A bioinformatic analysis of the Duchenne muscular dystrophy gene and associated gene variants across human cancers

The Duchenne muscular dystrophy (DMD) gene and its major translated protein product Dystrophin (Dp427m) have for decades been associated with musculoskeletal function, with specific mutations giving rise to dysfunction in Duchenne and Becker muscular dystrophies. Alterations in the expression of the DMD gene have recently been associated with the development, progression, and survival outcomes of several tumours.

A bioinformatic workflow employing an outcome-based cutpoint selection method was developed. It was implemented to provide a comprehensive approach to examine the association of DMD mRNA expression and survival outcomes across 33 different tumour types and used bulk RNAseq data of primary tumours from the cancer genome atlas project.

Nine of the 33 tumours had significant survival outcomes using Kaplan Meier log-rank statistics and were the focus of further downstream analysis. High DMD expression was significantly associated with poor survival in low grade glioma, thymoma, rectal and kidney cancer. Conversely, low expression of DMD was associated with poor survival in uveal melanoma, pancreatic, lung adenocarcinoma, acute myeloid leukemia, and breast carcinoma.

Univariate Cox proportional hazard modelling was used to calculate DMD hazard ratios. In combination with hazard ratios from other dystrophin associated glycoprotein complex genes, hierarchical clustering was used to identify clusters that may potentially be used as candidate biomarkers for different cancer types and help identify potentially common underlying causal factors in these tumours.

The expression of the individual DMD gene products was examined and were also significantly associated with overall survival, with specific patterns of expression likely to have differential biological effects relevant to the pathogenesis of each tumour. The smallest gene product,

Dp40 was expressed across all tumours and most tumours expressed at least one Dp71 isoform. Full length Dp427m was expressed in breast cancer, low grade glioma, lung adenocarcinoma, pancreatic adenocarcinoma, rectal cancer, and uveal melanoma. Low grade glioma had the broadest expression of different DMD gene products and acute myeloid leukemia was restricted to just Dp40 expression.

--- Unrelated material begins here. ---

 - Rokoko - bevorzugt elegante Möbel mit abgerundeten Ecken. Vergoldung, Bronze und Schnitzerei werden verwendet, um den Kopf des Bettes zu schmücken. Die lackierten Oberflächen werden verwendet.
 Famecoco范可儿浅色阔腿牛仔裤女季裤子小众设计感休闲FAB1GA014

To explore differences between tumours expressing high or low amounts of total DMD RNA, differential gene expression and preliminary pathway analysis identified dysregulated genes with gene ontology biological terms that related to motility and adhesion which is concordant with dystrophin’s known role as a structural/scaffold protein that facilitates cellular interaction of the actin cytoskeleton with the extracellular matrix. However, in some cancers novel terms relating to ion homeostasis (pancreatic and rectal) and chemical/sensory perception (lung) were identified, and the biological significance of this is currently unclear.

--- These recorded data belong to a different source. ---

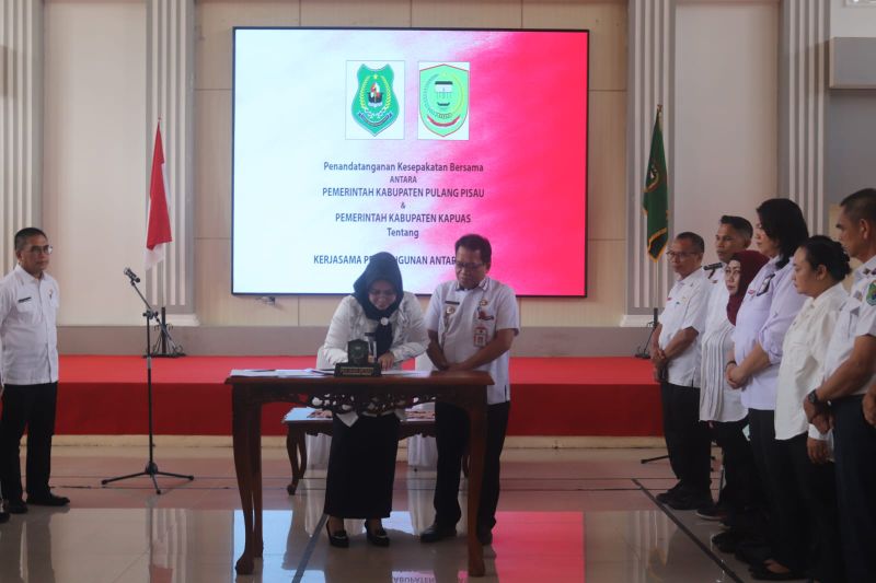 JURNALKALIMANTAN.COM, PULANG PISAU – Penandatanganan nota kesepahaman (MoU) antara Pemerintah Kabupaten Pulang Pisau dengan Pemerintah Kabupaten Kapuas tentang Kerja Sama Pembangunan Antardaerah, berlangsung di Aula Banama Tinggang Kantor Bupati Pulang Pisau, Rabu (3/1/2024).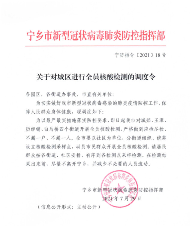 7月29日,宁乡市新型冠状病毒肺炎防控指挥部发布调令,即日起对宁乡市城郊、玉潭、历经铺、白马桥四个街道开展全员核酸检测。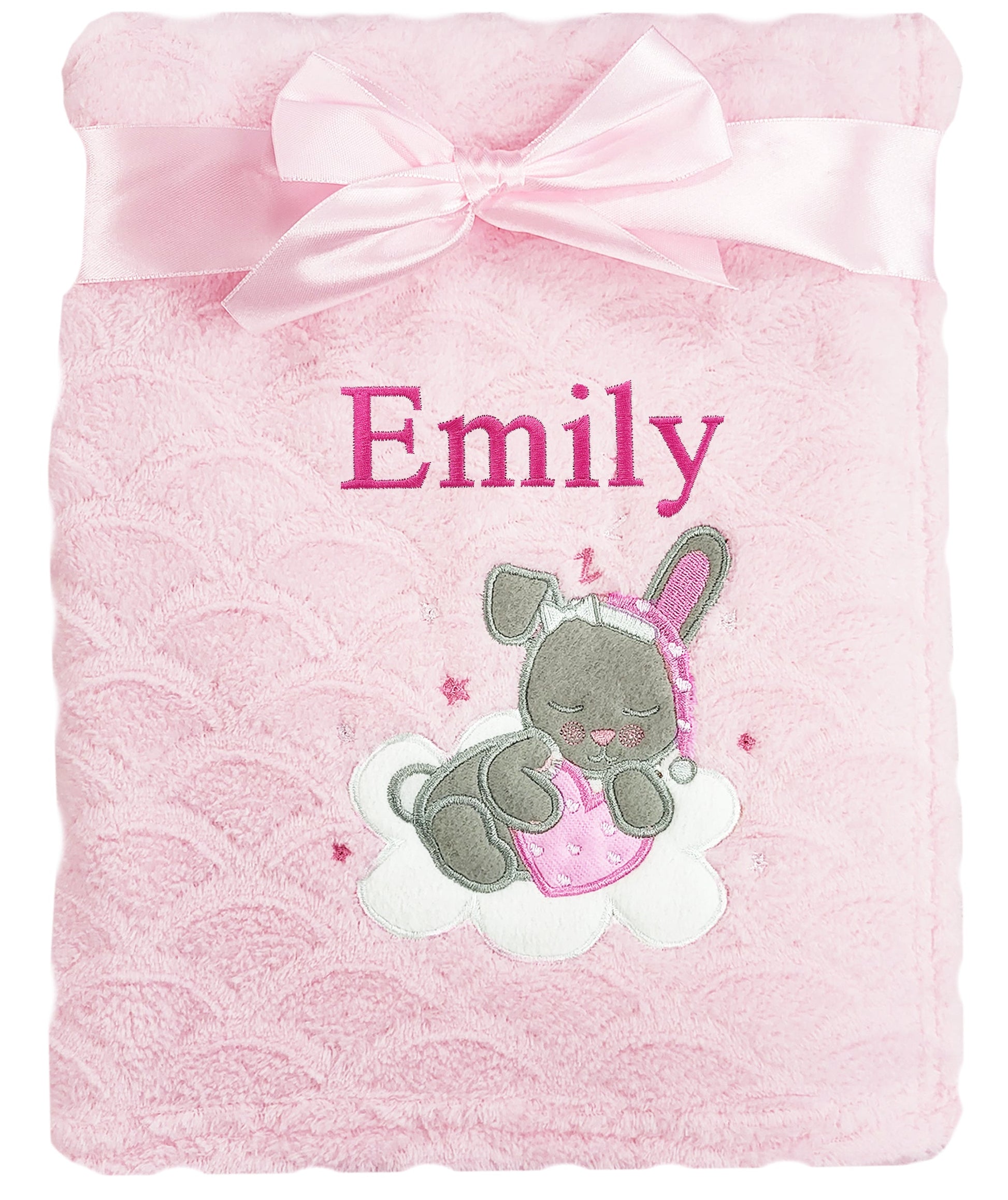 Girls Personalised Pink Rabbit Soft Fleece Blanket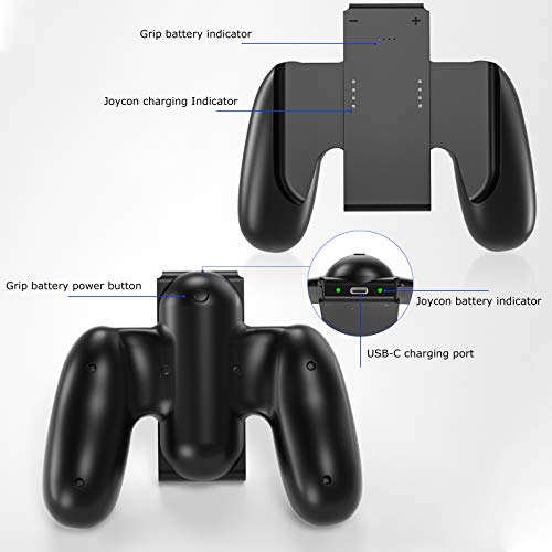 Switch handvat oplaadstation, Likorlove Switch handvat oplaadhouder, oplaadbare handgreep, oplaadbare 2000 mAh lithium-ion batterij, blauwe status LED grip voor Switch handvat gamepad controller

Future work will require confirmation of dystrophin protein expression in these tumours with follow-up functional experiments to demonstrate that dysregulated dystrophin is a contributor to individual hallmarks of cancer. DMD gene or protein product expression may have potential utility as an independent prognostic marker which can further stratify patients to identify those with risk of poor survival. This knowledge may ultimately improve risk stratification, patient management and aid our understating of the role dystrophin in these cancers.